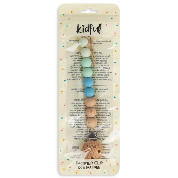 We can't just call Kidful's new handmade pacifier holder line beautiful; In addition to its beauty, we would like you to know that children's health and safety are prioritized in every detail.; Kidful's new series bead hangers use natural 100% beech wood and first-class, food-contact silicones suitable for use in children's products. Premium quality odorless silicones are BPA-free.; To be long-lasting and durable, the metal clamp under the wooden clip is chrome-free, lead-free and made entirely of stainless steel.; There is a plastic attachment on the clip to prevent damage to clothes.; The anti-break thread used in the product is produced in Japan with Oeko Tex certification and the pacifier strap is fastened using a special lock system. You can use Kidful's new and colorful pacifier holder series, produced in accordance with EN 12586 standards, with pleasure and confidence without any wear and tear problems. You can complement your Kidful pacifier straps with Bibs pacifiers.; Care Instructions: Hand wash with water and liquid soap.; Do not leave the metal parts wet and damp.
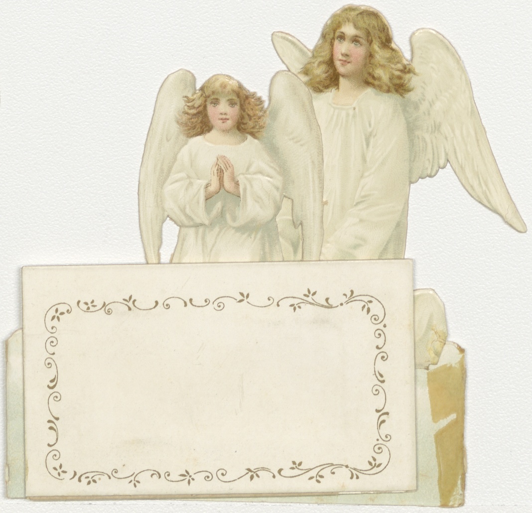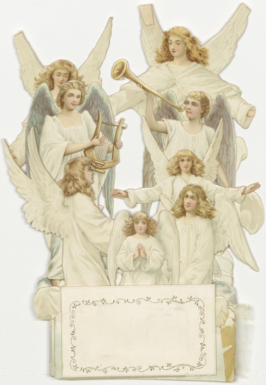 Uitklapprent van een rij van acht engelen, Eerste Communiegeschenk
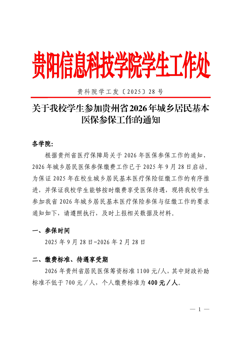 关于鸭脖学生参加贵州省2026年城乡居民基本医保参保工作的通知
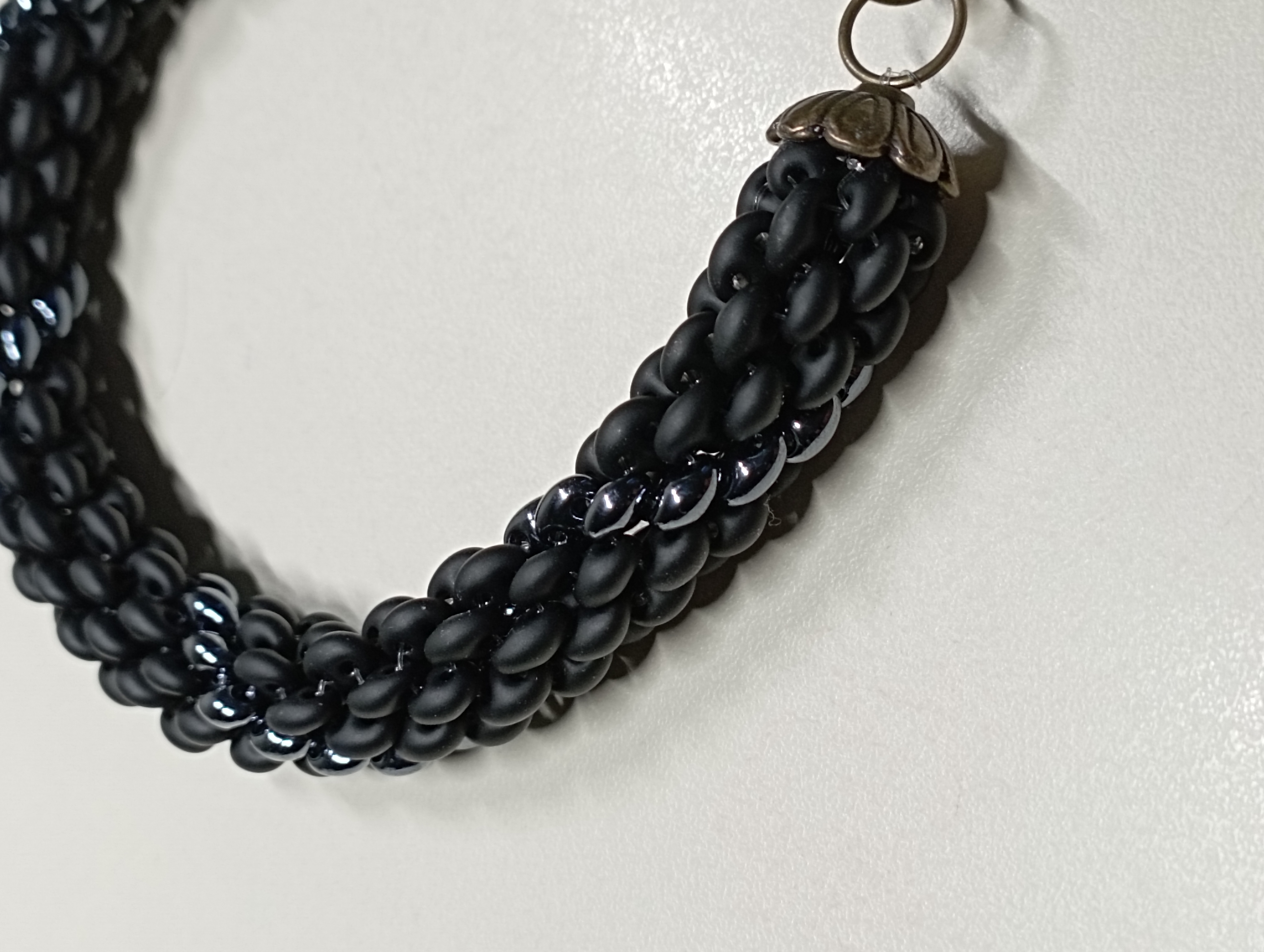 Браслетик в виде жгута из черного матового и блестящего твина.
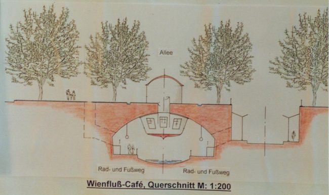 Es gab für diese Gegend schon einmal große Veränderungspläne – aber unterirdisch. Die Wiener Magistratsabteilung Wasserbau führte im Jahr 1998 einen sensationellen Wettbewerb durch: Es ging um eine Ideensuche für die unterirdische Wienfluss-Verbindung zwischen dem Naschmarkt und dem Donaukanal auf der Höhe der Urania. Der Wienfluss, der Teil von Otto Wagners Vision eines Prachtboulevards war, wird derzeit auf der überirdischen Platte durch einen riesigen Parkplatz besetzt. Samstags findet dort der berühmte Flohmarkt statt. Im Wettbewerb plante man Durchbrüche im Gewölbe, um für Belüftung und Lichteinfall zu sorgen. Der Radweg sollte durch den überwölbten Teil hinweg fortgesetzt werden und eine neue unterirdische Verkehrsachse bilden.
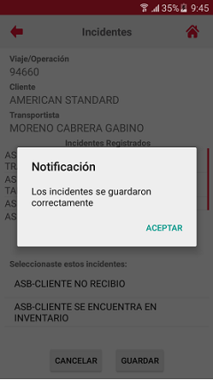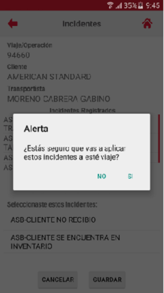 - Si el chofer o transportista desea no asignar los incidentes seleccionados, deberá presionar el botón [No], ésta acción mostrará la pantalla Incidentes con el listado de incidentes ya seleccionados previamente.
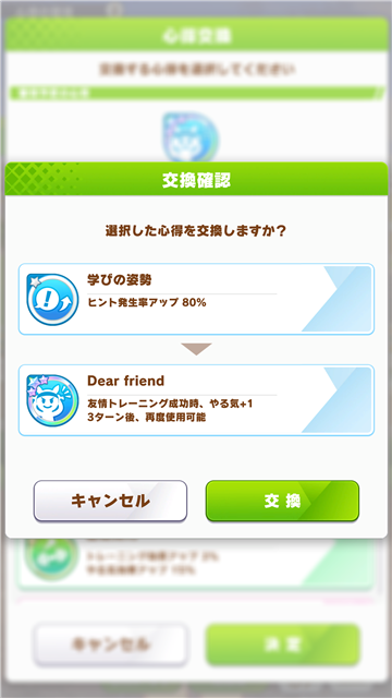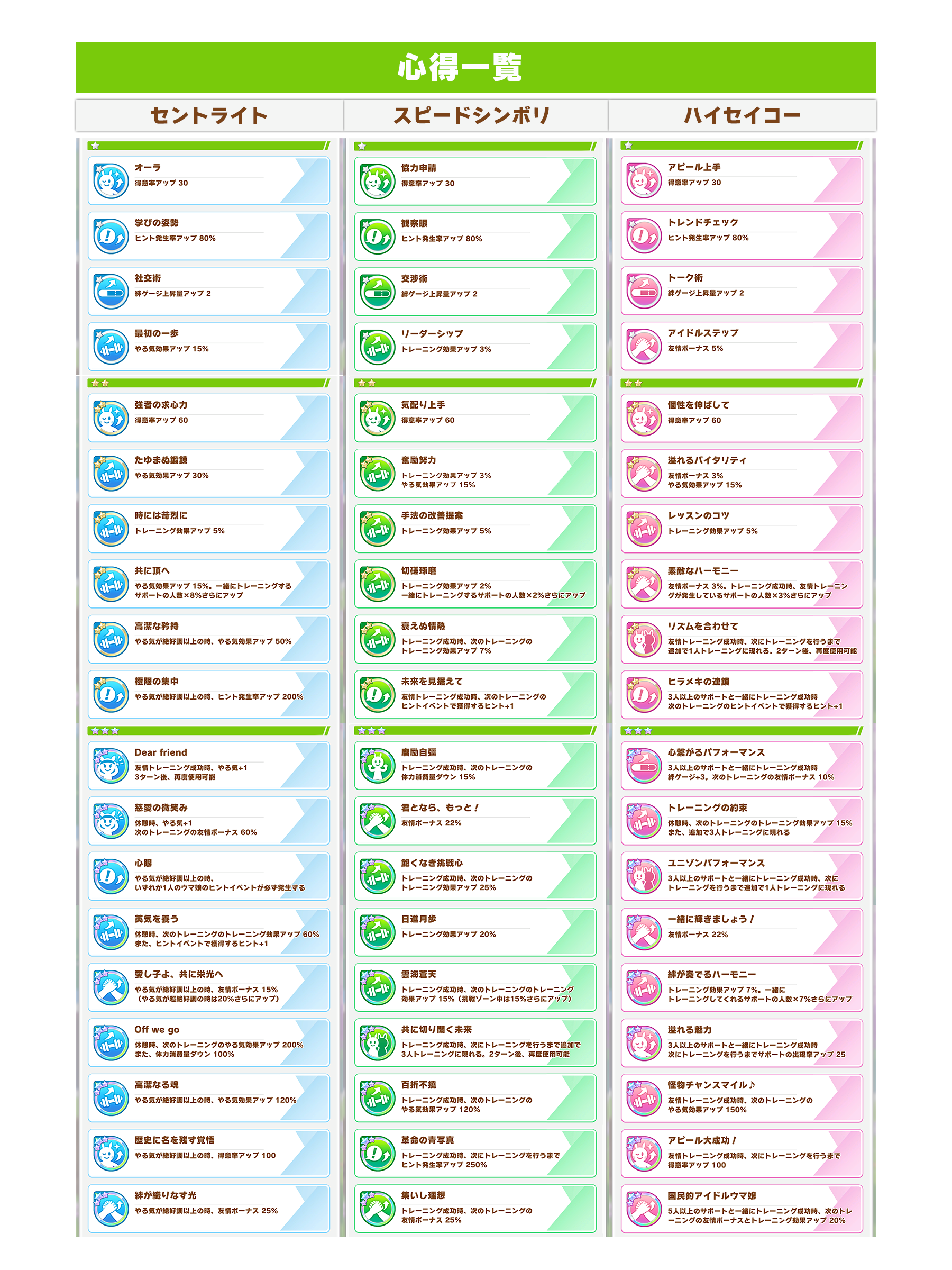 気になる「心得」の効果だが、得意率やヒント発生率、トレーニング効果、やる気効果などがアップするものが揃っている。「心得」は★1~★3までのレアリティがあり、育成を進めるごとにレアリティ(&効果)の高いものを選べる仕様だ。
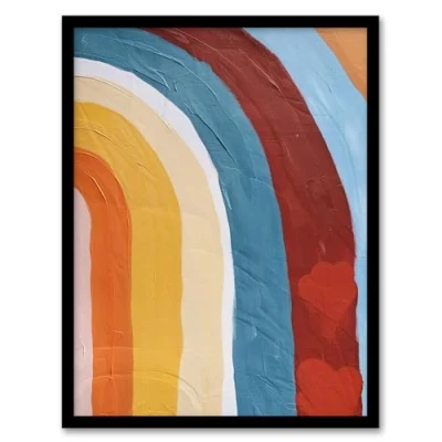 Artery8 Mid Century Modern Rainbow Painting Abstract Boho Kids Bedroom Artwork Framed Wall Art Print A4
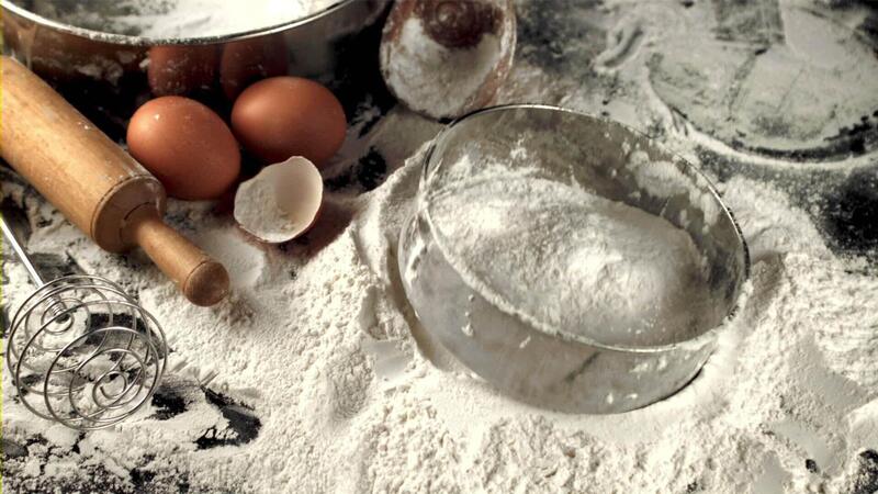 Super slow motion sieve falls on the table with flour and eggs. Macro background. Filmed on a high-speed camera at 1000 fps. Pro Video
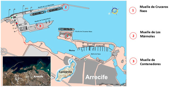 There are several docks where cruise ships can dock (Figure 1): Muelle de Cruceros, Naos, Mármoles, Prolongación de Mármoles, Transbordadores Poniente and, in the event of an emergency or last-minute request for a stopover in an exceptional situation, Transbordadores Naciente, provided that it is not occupied by container ships.
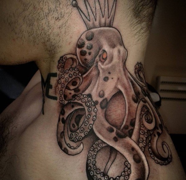 缠绕在肩膀上的漂亮章鱼纹身图案
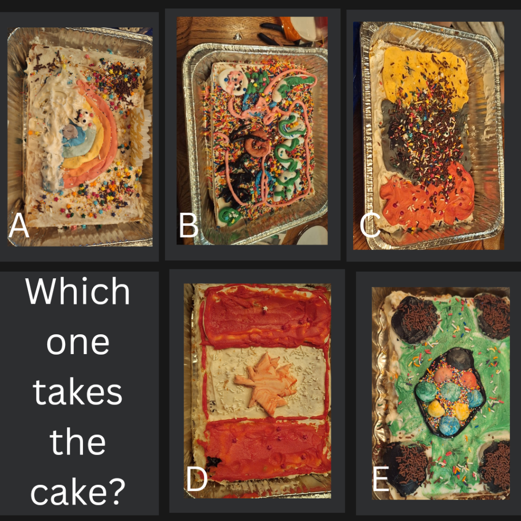 She and her friends decided to have a cake decorating contest. So tonight’s post is actually a poll. Vote for your winner!
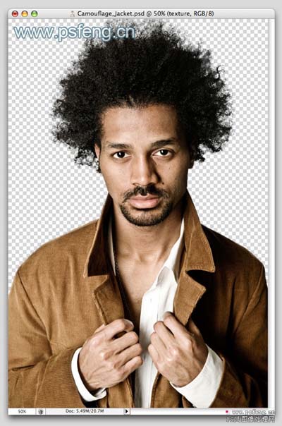 3、現在讓我們開始建立我們的偽裝拼貼夾克。我們把它分為六個部分。這將根據自己的想法,你也可以分成更多的零件來處理。 我選擇使用矢量蒙板。矢量蒙板可以得到我們想要的局部圖像。
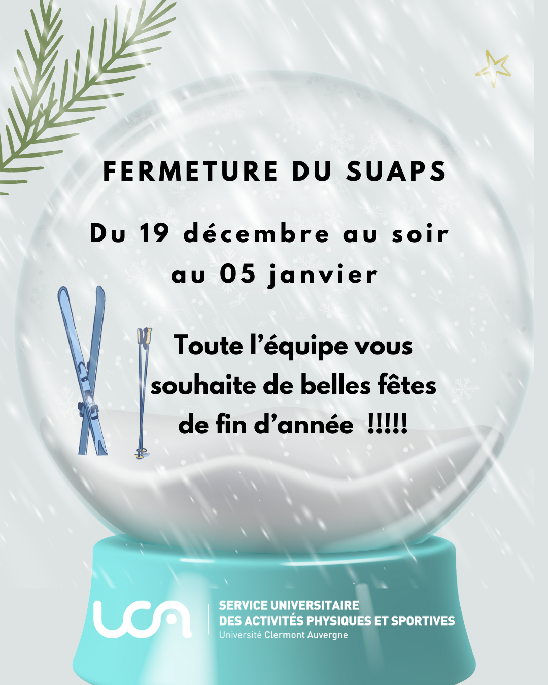 Fermeture du SUAPS 19 décembre au soir au 05 janvier

TASK STATEMENT: No pictures should appear in the copy. Print exactly the lines above from the line containing "- Si el chofer" through the last line of the data.

SOLVED PROBLEM:
 - Si el chofer o transportista desea no asignar los incidentes seleccionados, deberá presionar el botón [No], ésta acción mostrará la pantalla Incidentes con el listado de incidentes ya seleccionados previamente.
 気になる「心得」の効果だが、得意率やヒント発生率、トレーニング効果、やる気効果などがアップするものが揃っている。「心得」は★1~★3までのレアリティがあり、育成を進めるごとにレアリティ(&効果)の高いものを選べる仕様だ。
 Artery8 Mid Century Modern Rainbow Painting Abstract Boho Kids Bedroom Artwork Framed Wall Art Print A4
 Super slow motion sieve falls on the table with flour and eggs. Macro background. Filmed on a high-speed camera at 1000 fps. Pro Video
 There are several docks where cruise ships can dock (Figure 1): Muelle de Cruceros, Naos, Mármoles, Prolongación de Mármoles, Transbordadores Poniente and, in the event of an emergency or last-minute request for a stopover in an exceptional situation, Transbordadores Naciente, provided that it is not occupied by container ships.
 缠绕在肩膀上的漂亮章鱼纹身图案
 She and her friends decided to have a cake decorating contest. So tonight’s post is actually a poll. Vote for your winner!
 3、現在讓我們開始建立我們的偽裝拼貼夾克。我們把它分為六個部分。這將根據自己的想法,你也可以分成更多的零件來處理。 我選擇使用矢量蒙板。矢量蒙板可以得到我們想要的局部圖像。
 Fermeture du SUAPS 19 décembre au soir au 05 janvier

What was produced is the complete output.